Maths question

Hi, please could I have help on this question?
To prove a point of inflection, I’ve searched online and it says you plug in values around the point of infleciton into d2y/dx2 and see if there is a sign change. For question 14c of this paper , the ms does not do that so I’m really confused now? Please could I have some clarification on this?
Paper: https://pmt.physicsandmathstutor.com/download/Maths/A-level/Papers/OCR-MEI/Paper-2/QP/Nov%202021%20QP.pdf
Ms: https://pmt.physicsandmathstutor.com/download/Maths/A-level/Papers/OCR-MEI/Paper-2/MS/Nov%202021%20MS.pdf
Thank you!

14b/c) asks about the stationary points, not the points of inflection.
The question gives you the 2nd dervative in factorized form so its easy to see its zero/inconclusive at the stationary poinit at x=2.
The ms does two similar things
1) it shows the gradient is positive at x=1 and 3, so the sign of hte gradient doesnt change.
2) it shows the curve is increasing between x=1 and 2, and between x=2 and 3 which is the same as showing the gradient is positve/doesnt change in those two intervals.
Either is fine.

but if d2y/dx2 is 0, does that not mean it could be an inflection point so is that not what they have tested for using the two ways? The first way they have done it, you have said that the gradient does not change. So is that how we prove a point of inflection or is it only by subbing into d2y/dx2? thanks!

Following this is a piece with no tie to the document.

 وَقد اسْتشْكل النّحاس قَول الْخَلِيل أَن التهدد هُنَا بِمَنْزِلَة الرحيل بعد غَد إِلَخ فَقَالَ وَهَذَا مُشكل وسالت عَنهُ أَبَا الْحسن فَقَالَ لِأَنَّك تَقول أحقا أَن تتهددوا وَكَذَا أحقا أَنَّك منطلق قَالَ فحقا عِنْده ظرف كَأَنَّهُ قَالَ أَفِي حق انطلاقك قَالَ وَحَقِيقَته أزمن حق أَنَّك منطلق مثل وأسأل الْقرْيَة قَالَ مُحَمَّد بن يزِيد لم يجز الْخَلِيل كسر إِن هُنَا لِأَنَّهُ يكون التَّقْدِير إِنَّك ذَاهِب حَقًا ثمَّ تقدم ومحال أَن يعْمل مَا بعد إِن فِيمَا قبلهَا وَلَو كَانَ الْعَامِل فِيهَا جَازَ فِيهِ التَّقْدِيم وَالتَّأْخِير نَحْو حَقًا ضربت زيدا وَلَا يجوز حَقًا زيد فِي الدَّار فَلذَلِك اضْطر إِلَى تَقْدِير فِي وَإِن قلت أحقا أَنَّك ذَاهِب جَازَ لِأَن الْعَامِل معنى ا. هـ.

The question asks about stationary points, not points of inflection. Like f(x)=(x-2)^3, the given function has a stationary point at x=2 (f'(2)=0) which is also as a point of inflection (f''(2)=0) but calling it a point of inflection is irrelevant. The only important thing is you cant use the usual second derivative test to determine min or max or .... So you look at the gradient sign (change or not) either side of the stationary point, or equivalently compare the function values.

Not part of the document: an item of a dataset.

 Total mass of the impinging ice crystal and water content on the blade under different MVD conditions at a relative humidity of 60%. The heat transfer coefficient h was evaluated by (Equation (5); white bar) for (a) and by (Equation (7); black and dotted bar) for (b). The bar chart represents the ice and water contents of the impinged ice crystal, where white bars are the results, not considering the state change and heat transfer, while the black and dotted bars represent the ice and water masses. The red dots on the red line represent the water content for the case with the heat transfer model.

ohh i get what you are saying, but i'm unsure why we can't use the second derivative test?

Because the 2nd derivative is zero. So it could be a min or max or a point of inflection or ... In this case, the second derivative changes sign at x=2 and its a point of inflection / function is increasing / ... The ms does this by showing the function is increasing at that point, but its fairly simple to argue that f'' changes sign if you really wanted to as f'' is given to you in factorised form.

sorry i meant why can't we use values near to x=2 and input into the second derivative to show that there is a change of sign?

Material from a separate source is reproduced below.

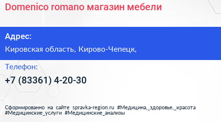 Domenico-romano, магазин мебели по адресу Кировская область, Кирово-Чепецк, в дальнейшем Организация, размещена в следующих категориях:

You could do. Just like you could argue the factorised form is (roughly)
f''(x) = (x-2)g(x)
which must change sign at x=2 because (x-2) changes sign but g(x) doesnt. The guidance (last column) says that considering the sign of f'' either side of x=2 is ok with a suitable explanation.

oh ok i didn't see that, thank you!

Just be clear about the with suitable explanation part. Usually the simplest (least calculus) explanation/approach is best to make sure you get the marks.